• Work to complete: Using the listing below, reproduce exactly the lines from the one with "Il primo tipo, il" through the last, with all pictures left out.

• Exercise data:
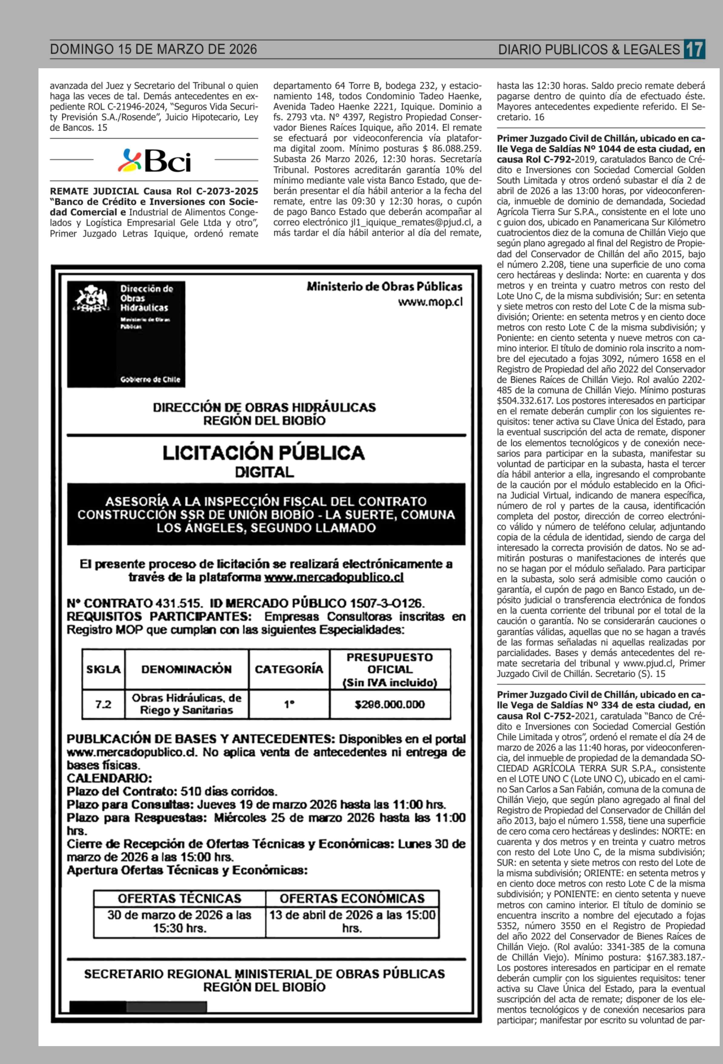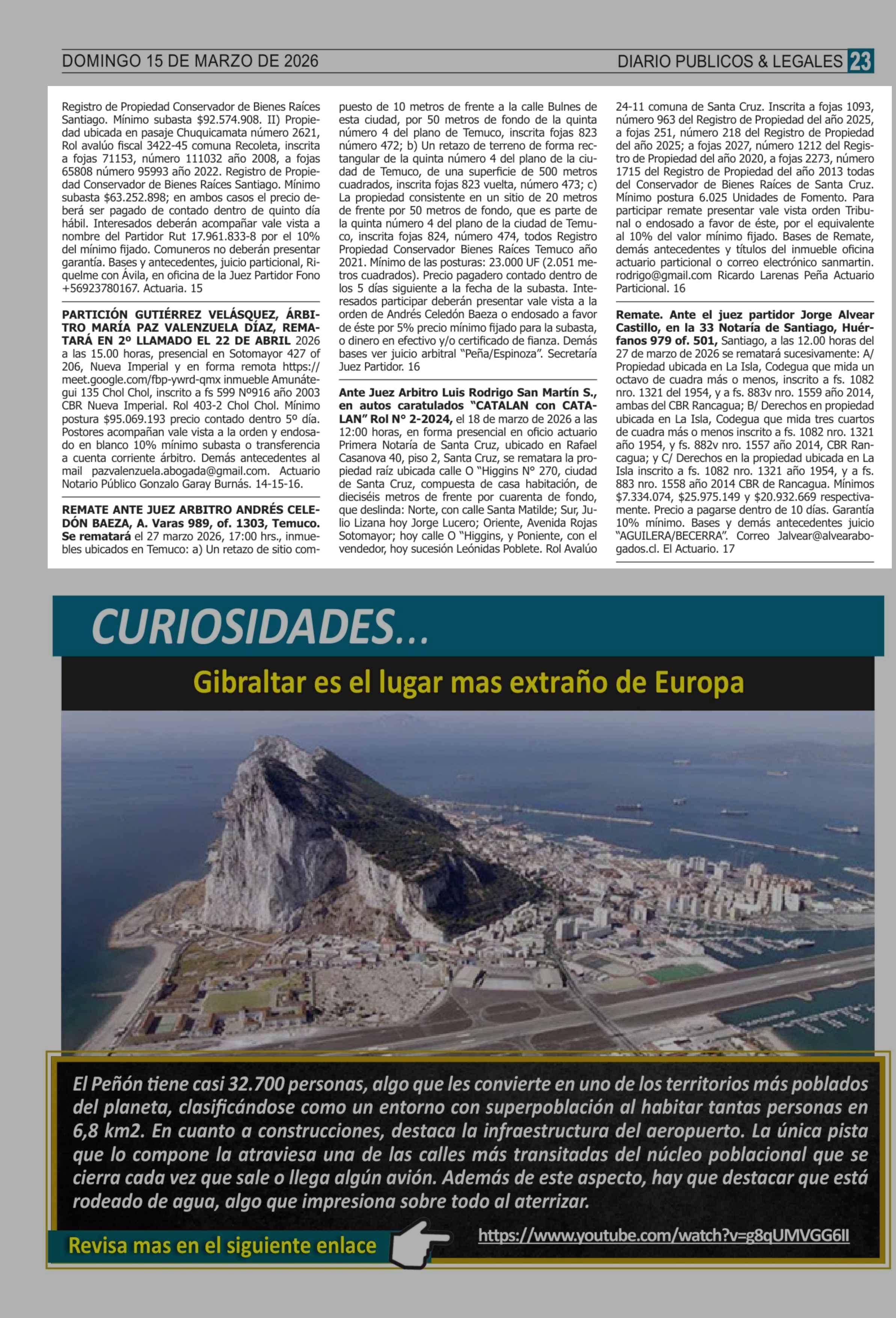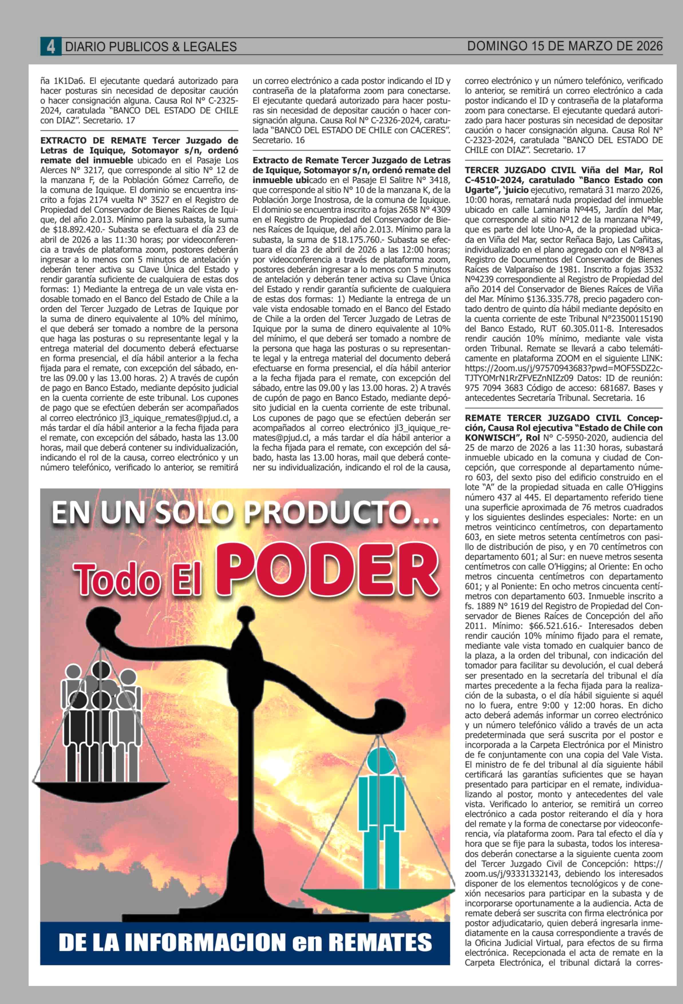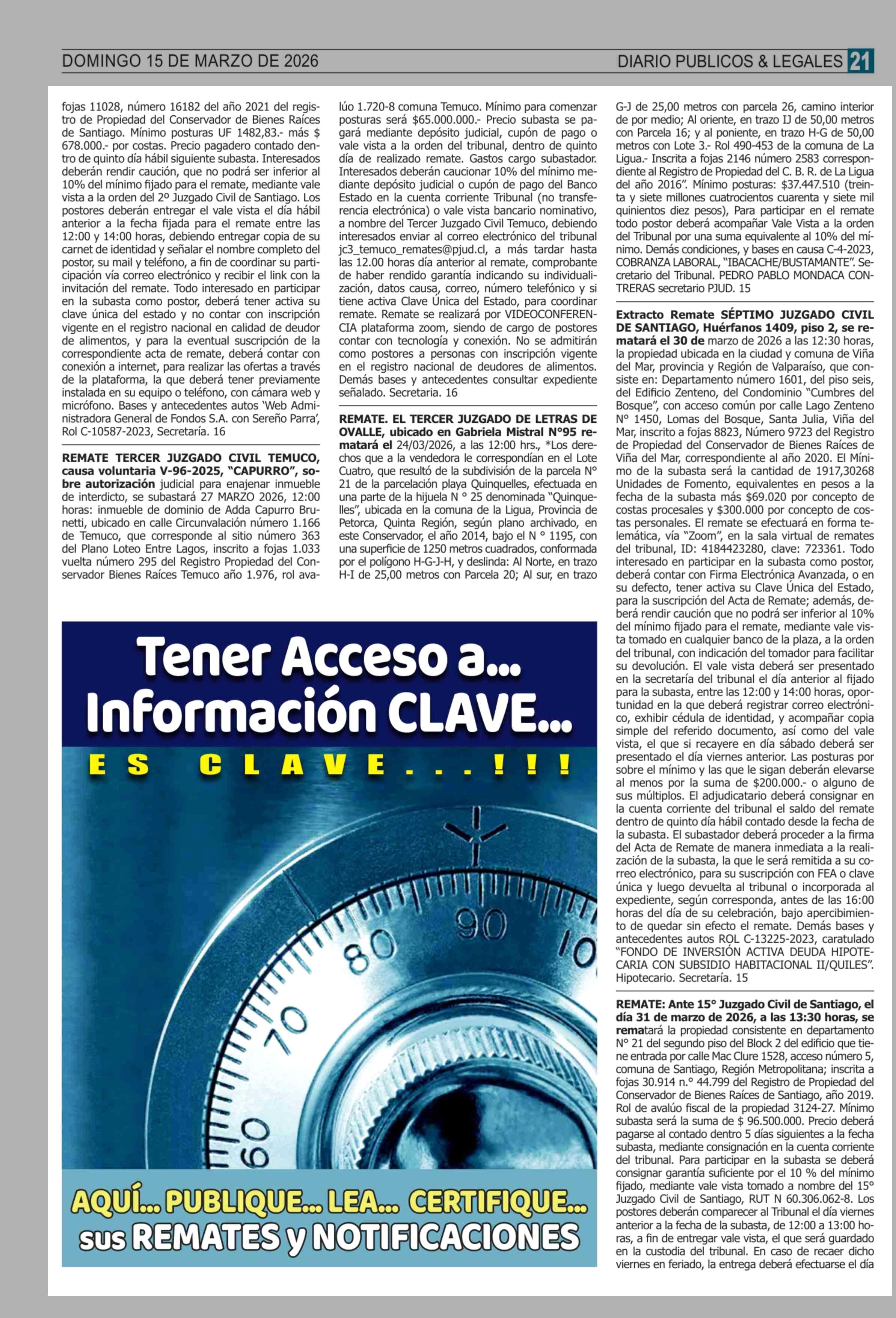 Remates: COMPENDIO REMATES de PROPIEDADES (NACIONAL) 15-03-2026 P&L Públicos y Legales |
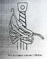 Il primo tipo, il più semplice, si evolve dalla spada detta “a tre vie”. Dai rami del massello che forma la traversa, infatti, si dipartono i tre rami che, uscenti il primo dal ramo di guardia, il secondo dal braccio di guardia e il terzo dall’archetto inferiore, si congiungono al braccio di parata, imitando il particolare disegno da cui la denominazione a tre vie.
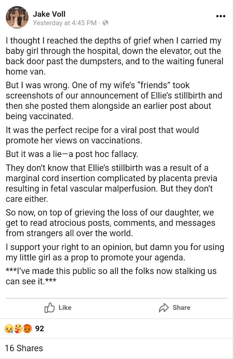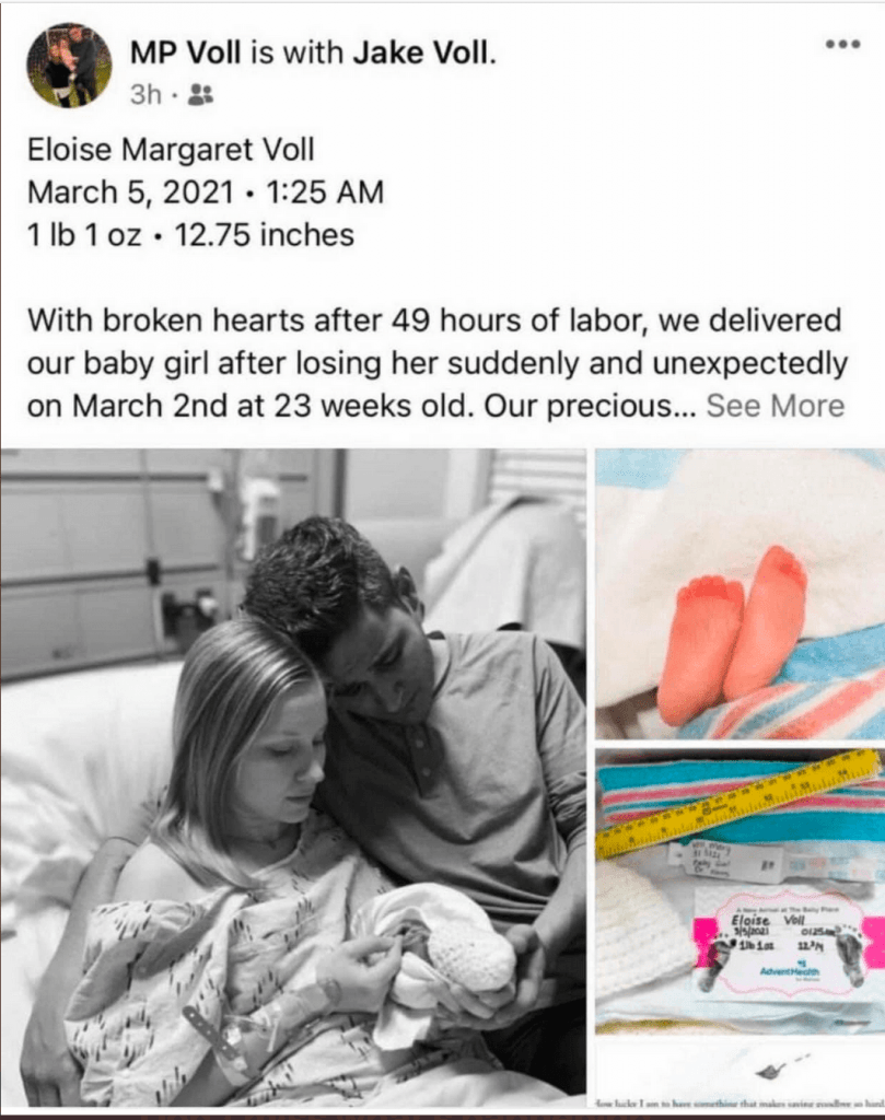 Mr. Jake Voll provided further information on the unfortunate event yesterday on Facebook. Jake said any relationship between the stillbirth and mRNA shots are “post hoc fallacy.”
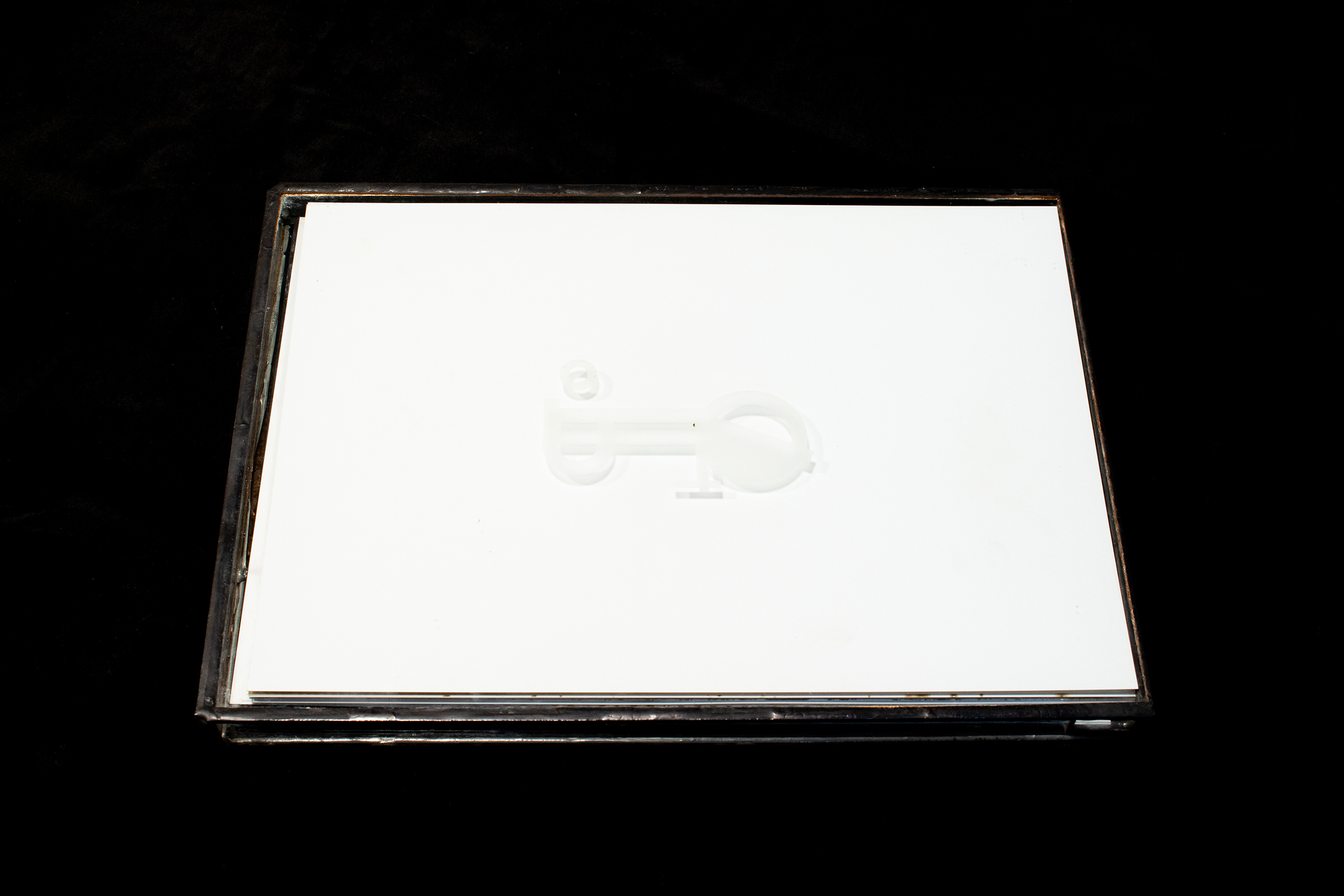 This book, titled as a (symbol), continues Reed’s experimentation with the material and presentation possibilities of the book form. Each volume comes in a handcrafted custom glass case with sliding glass drawer. The title and colophon are sandblasted into the surface of the case itself.

• Response area:
 Il primo tipo, il più semplice, si evolve dalla spada detta “a tre vie”. Dai rami del massello che forma la traversa, infatti, si dipartono i tre rami che, uscenti il primo dal ramo di guardia, il secondo dal braccio di guardia e il terzo dall’archetto inferiore, si congiungono al braccio di parata, imitando il particolare disegno da cui la denominazione a tre vie.
 Mr. Jake Voll provided further information on the unfortunate event yesterday on Facebook. Jake said any relationship between the stillbirth and mRNA shots are “post hoc fallacy.”
 This book, titled as a (symbol), continues Reed’s experimentation with the material and presentation possibilities of the book form. Each volume comes in a handcrafted custom glass case with sliding glass drawer. The title and colophon are sandblasted into the surface of the case itself.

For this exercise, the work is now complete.